Evalynx addresses that gap with a backend control plane that can:

accept structured run requests through an API
persist run metadata in a relational model
execute jobs asynchronously
expose lifecycle states such as queued, running, succeeded, and failed
retain summaries, metrics, and artifact references
capture reproducibility metadata such as normalized config and execution provenance

What This Project Demonstrates

Evalynx is designed as a backend portfolio project, with emphasis on:

API design and request validation
relational data modeling and migrations
background job processing
execution lifecycle management
integration with external systems through explicit adapters
reproducibility-focused backend engineering

Tech Stack

FastAPI
SQLAlchemy + Alembic
PostgreSQL
Redis + RQ
Docker Compose
GitHub Actions

Backend Signals

The strongest backend signals in this MVP are:

explicit separation between a logical Run and concrete RunAttempt records
asynchronous execution through Redis + RQ with a dedicated worker process
subprocess-based runner adapters for bounded integration with external systems
structured persistence of summaries, metrics, artifacts, warnings, errors, and reproducibility metadata
retry semantics that preserve prior failure context instead of overwriting it

MVP Scope

The initial MVP is intentionally narrow and aims to prove one strong vertical slice:

FastAPI application
PostgreSQL persistence
Redis + RQ background execution
Project and Run lifecycle management
one real runner integration
stored summaries, metrics, artifacts, and failure information
retry support for failed runs

The first integrated real runner is solo-wargame-ai, chosen because it already has strong reproducibility surfaces and does not depend on private personal data.

Planned User Flow

The MVP is centered around one main workflow:

Create a project.
Submit a run with a runner type and config.
Persist the run as queued.
Execute the run asynchronously through a worker.
Store terminal state, summary data, metrics, and artifact references per execution attempt.
Inspect the latest run state and attempt history through the API.
Retry failed runs without erasing prior failure context.

Documentation Map

Run It Locally

There are two intended local paths:

Reviewer quickstart: Docker Compose plus the built-in stub runner. This is the fastest way to validate the asynchronous lifecycle with no external checkout.
Host development with the real runner: a local Python environment plus the same Dockerized PostgreSQL and Redis services, with a local checkout of solo-wargame-ai.

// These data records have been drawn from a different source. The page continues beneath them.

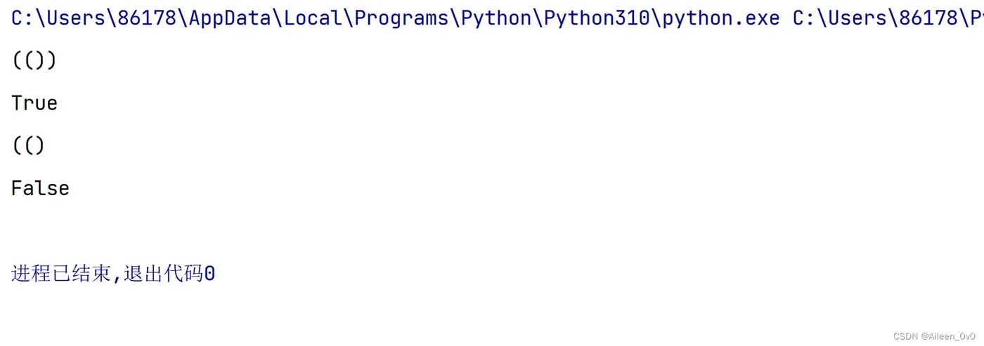 # 如何给其他类型的括号进行匹配---代码如下👇 class Stack:#Stack---->ADT def __init__(self): self.items =[] def isEmpty(self): return self.items == [] # 满足这些属性(行为)的是栈 def push(self,item): self.items.append(item) def pop(self): return self.items.pop() def peek(self): return self.items[len(self.items)-1] # def size(self): return len(self.items) def parChecker(symbolstring): print(symbolstring) #实例化栈(空栈) s = Stack() #括号匹配法则 balanced = True index = 0 while index < len(symbolstring) and balanced: symbol = symbolstring[index] if symbol in "([{": s.push(symbol) else: #右括号多了或左括号少了 if s.isEmpty():#判断栈 是否为空 balanced = False else: top = s.pop() if not matches(top,symbol): balanced = False index = index + 1 if balanced and s.isEmpty(): return True else: return False def matches(open,close): opens = "([{" closers = ")]}" return opens.index(open) == closers.index(close) result = parChecker("(())}") print(result) print(parChecker("[()]"))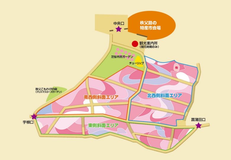 - 臨時駐車場を利用する:羊山公園内は大型バス優先で、一般車両は臨時駐車場を使います。臨時駐車場からは公園までのシャトルバスが運行していますが、こちらも混雑することが予想されますので、時間に余裕を持って行動しましょう。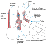 - На внешней стороне сустава расположены передняя и задняя таранно-малоберцовые и пяточно-малоберцовая связки — все они расходятся веерообразно, начинаясь на латеральной лодыжке: передняя таранно-малоберцовая связка (лат. ligaméntum talofibuláre antérius) крепится к шейке таранной кости, задняя таранно-малоберцовая связка (лат. ligaméntum talofibuláre postérius) — к заднему отростку таранной кости, а пяточно-малоберцовая связка (лат. ligaméntum calcaneofibuláre) спускается вниз, оканчиваясь на наружной поверхности пяточной кости.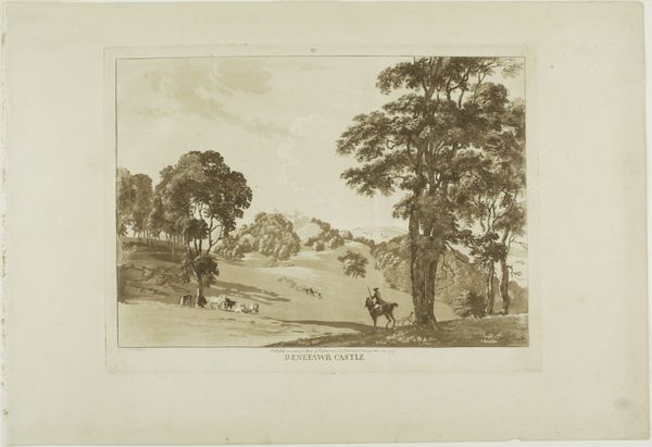 Curator: Immediately, I'm struck by the delicate use of color; a sense of serenity washes over me. Editor: This watercolor on paper, titled "Gezicht op Leeuwarden vanuit het noordwesten," which translates to "View of Leeuwarden from the Northwest," was created by Isaac Reijnders Sz. in 1849. What captures my attention is its demonstration of the burgeoning plein-air tradition, suggesting the artist worked directly from observation. Curator: I can certainly see that—the landscape feels so alive! I'm particularly drawn to the contrast between the soft, diffused light in the sky and the more defined shapes of the buildings and figures in the foreground. It’s an idyllic scene, very calming. Editor: Look closer. The materiality is vital here. Reijnders uses watercolor to mimic the very atmospheric conditions that shaped labor at this time. The loose washes give way to the daily work of farming or, likely, livestock tending represented here. The laboring figures underscore the relationship between land use and pictorial space, even with this idyllic aesthetic. Curator: But beyond just depictions of labor, do you see how Reijnders’ placement of the city on the horizon gives it almost a fairytale-like quality? And then, with those towering structures of industry--they give visual interest. It's a beautifully balanced composition, the dark trees mirroring each other on either side, framing the scene perfectly. Editor: Precisely. The strategic compositional choices create and uphold social structure. Reijnders likely produced many studies, and preliminary sketches, before settling on this perspective and the materials to present a clear view that supported the existing order of production and power dynamics. Curator: The artist uses the Romantic landscape style of that era and gives us such an evocative image. This view pulls you into its story in a very subtle but powerful way. Editor: I agree. Thinking about the materials of labor – paper, pigments – and the socio-economic conditions for Isaac Reijnders Sz.’s time to create this image has given me a richer and deeper sense of 19th-century Leeuwarden.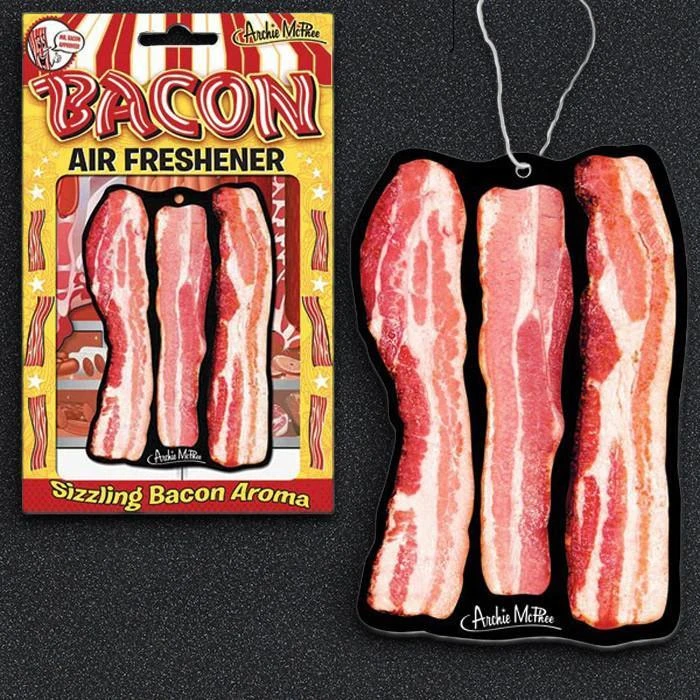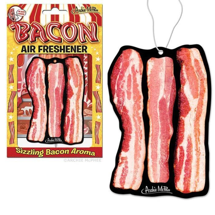 Funky Fresh air fresheners bring the aroma of sizzling bacon strips to your car. Drive with the wind in your hair, and the scent of smoked pig in your nose.

If you want the fastest path to understanding the project, start with the reviewer quickstart below. It proves the queue, worker, persistence, retry, and lifecycle story without needing any external repository.

Reviewer Quickstart

Requirements:

Docker Desktop or Docker Engine with Compose support

Setup:

Copy the example environment if you want a local .env: cp .env.example .env
Start infrastructure: docker compose up -d postgres redis
Apply migrations: docker compose run --rm migrate
Start the API and worker: docker compose up -d api worker
Confirm the API is healthy: curl http://localhost:8000/health

If you want a clean demo state, run docker compose down -v before repeating the example requests below. The sample IDs assume a fresh database; otherwise, use the IDs returned by your own API responses.

Create a project:

curl -X POST http://localhost:8000/projects \
  -H 'Content-Type: application/json' \
  -d '{"name":"Reviewer Demo"}'

Submit a successful async stub run:

curl -X POST http://localhost:8000/runs \
  -H 'Content-Type: application/json' \
  -d '{
    "project_id": 1,
    "runner_type": "stub",
    "config": {
      "scenario": "compose-demo-success"
    }
  }'

Submit a failing run that can be retried:

curl -X POST http://localhost:8000/runs \
  -H 'Content-Type: application/json' \
  -d '{
    "project_id": 1,
    "runner_type": "stub",
    "config": {
      "should_fail": true,
      "failure_message": "Reviewer demo failure"
    }
  }'

Inspect the lifecycle and retry the failed run:

curl http://localhost:8000/runs/1
curl http://localhost:8000/runs/2
curl -X POST http://localhost:8000/runs/2/retry
curl http://localhost:8000/runs/2
docker compose logs -f worker

Expected reviewer outcomes:

the health endpoint returns status: "ok"
the first stub run reaches succeeded and persists a summary
the second stub run reaches failed with a stored failure message
retrying the failed run increments attempt_count and current_attempt_number

Artifacts written by the stack are stored under ./artifacts.

Shut the stack down with:

docker compose down

If you also want to remove the PostgreSQL volume:

docker compose down -v

Host Development With The Real Runner

Requirements:

Python 3.11+
Docker Desktop or Docker Engine with Compose support
a local checkout of solo-wargame-ai when you want the real runner path

Setup:

Copy the environment template: cp .env.example .env
Start PostgreSQL and Redis: docker compose up -d postgres redis
Create a virtual environment: python -m venv .venv
Activate it: source .venv/bin/activate
Install dependencies: pip install -e '.[dev]'
Export or edit the required env vars:
- EVALYNX_DATABASE_URL=postgresql+psycopg://evalynx:evalynx@localhost:5432/evalynx
- EVALYNX_REDIS_URL=redis://localhost:6379/0
- EVALYNX_SOLO_WARGAME_REPO_PATH=/absolute/path/to/solo-wargame-ai
- EVALYNX_SOLO_WARGAME_PYTHON_COMMAND=/absolute/path/to/solo-wargame-ai/.venv/bin/python
- EVALYNX_ARTIFACT_ROOT=./artifacts
Apply migrations: alembic upgrade head
Start the API: uvicorn app.main:app --reload
Start the worker in a second shell: python -m app.workers.entrypoint
Run tests: python -m pytest

For the first real runner family, POST /runs accepts runner_type: "solo_wargame" with a logical config shaped like:

{
  "project_id": 1,
  "runner_type": "solo_wargame",
  "config": {
    "mission_path": "configs/missions/mission_01_secure_the_woods_1.toml",
    "policy": {
      "kind": "builtin",
      "name": "heuristic"
    },
    "seed_spec": {
      "kind": "range",
      "start": 0,
      "stop": 4
    },
    "write_episode_rows": true
  }
}

Evalynx materializes the upstream request file, allocates the artifact directory, invokes the external CLI through a subprocess adapter, and persists summary, metrics, execution metadata, artifacts, warnings, and structured error details back onto the run record and its current attempt snapshot.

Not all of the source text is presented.